Graphing Complexity: The Beauty of Networks 🌐

Published:

Speech

5-1 Deliver Your Message With Humor

This project focuses on creating a keynote-length speech that effectively delivers a message and humor to an audience.

Purpose: The purpose of this project is to practice developing and presenting a longer humorous speech.

Overview: Write and present an 18- to 22-minute keynote-style humorous speech. You may choose to use visual aids if they fit your speech and your style. If you receive advanced approval from the vice president education, you may present your speech to a non-Toastmasters audience.

Speech timings: 18:00, 20:00, 22:00

Script

Slides

Little Thomas is walking through the local wet market in a city that locals call the Fragrant Harbour, having a look at the squid that has just been fished off the ocean floor. Tall, metallic skyscrapers overlook him. Next to him, on the water, a traditional Chinese junk is showing tourists one of the most famous skylines in Asia. In the background, huge container ships are arriving from all over the world: their horns sounding as they come in and out one of the busiest maritime ports in the world.

If you’re incredibly confused where we are and what I’m doing, then welcome to the world of 3 year-old Thomas. He was catapulted in this huge Asian metropolis, on the other side of the world, that is nicknamed the Pearl of the Orient: Hong Kong. He had just arrived and his parents were taking him on all the most touristy activities they could think of. But Thomas is 3 years old, of course, he is incredibly confused and lost. Nothing makes sense: there are so many different construction noises everywhere around him; different languages being spoken: Cantonese, English, Mandarin, Filipino, Portuguese; trams, buses, subways, overground, taxis and Maseratis are all whizzing past him. 3 year-old Thomas was really wondering where he actually ended up. As time went on, although Thomas got older, and slowly wiser, it was still so hard for him to understand the complexity that the city of Hong Kong was part of. All these different cultures, international corporations, financial institutions and shipping companies. What were they all doing here, on this little island. Why were they here? Why was he here? How did any of this make ANY sense?

The city of Hong Kong is the source of current Thomas’ passion. This passion is called network science: it is the study and understanding of networks.
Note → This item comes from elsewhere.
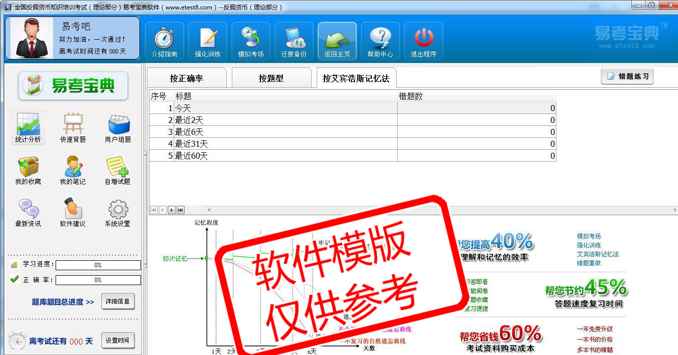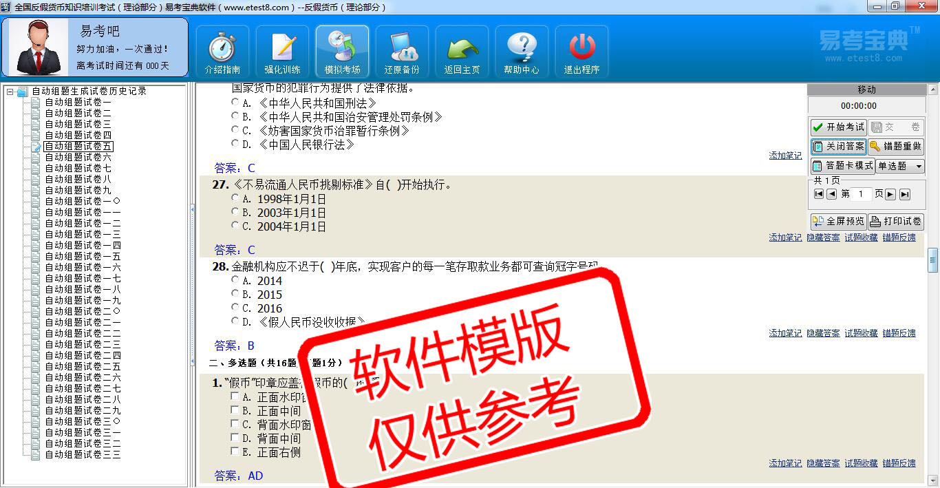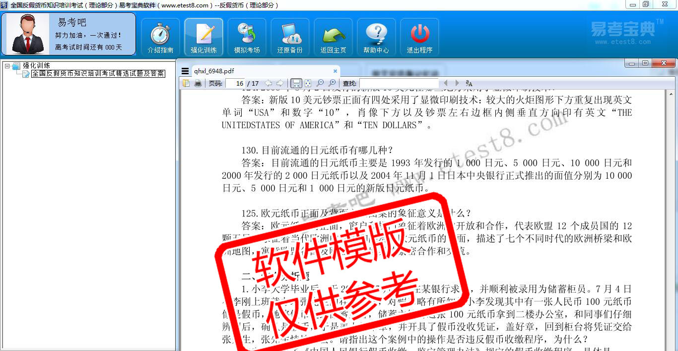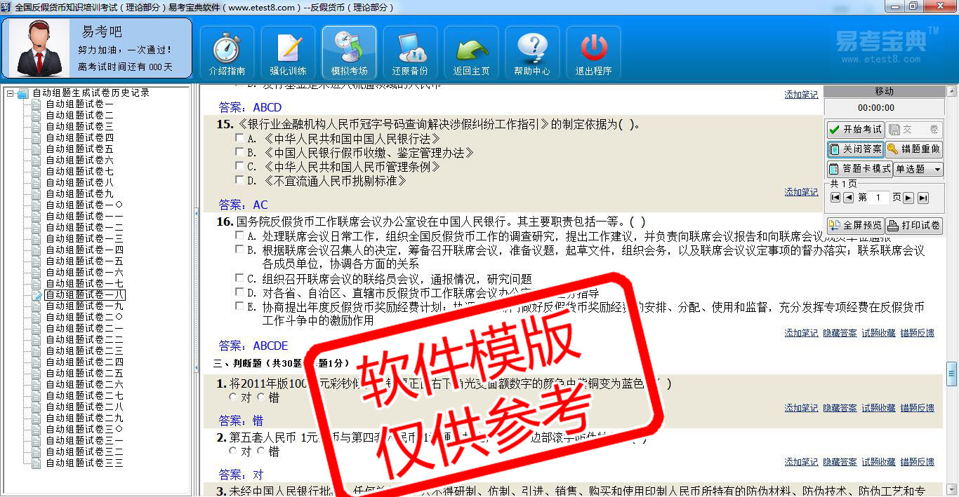 题量内容: 模拟试题库共有2385道试题,可以任意组成模拟考场试卷练习33套,强化训练有1套,以及多条考试介绍和考试指南(辅导资料)。

This is what I’d like to share with you today. Hong Kong is a huge port, an airport hub and a financial centre. The city connects families, businesses and governments from all over the world. Hong Kong is a perfect illustration of how interconnected our world is, and how the world is organised in a network structure.

I would like you to hop on board and let me take you on a journey to understanding the complexity of our world through the power and beauty of networks. We will learn what a network is, why it’s important and how studying them can answer some of modern humanity’s questions.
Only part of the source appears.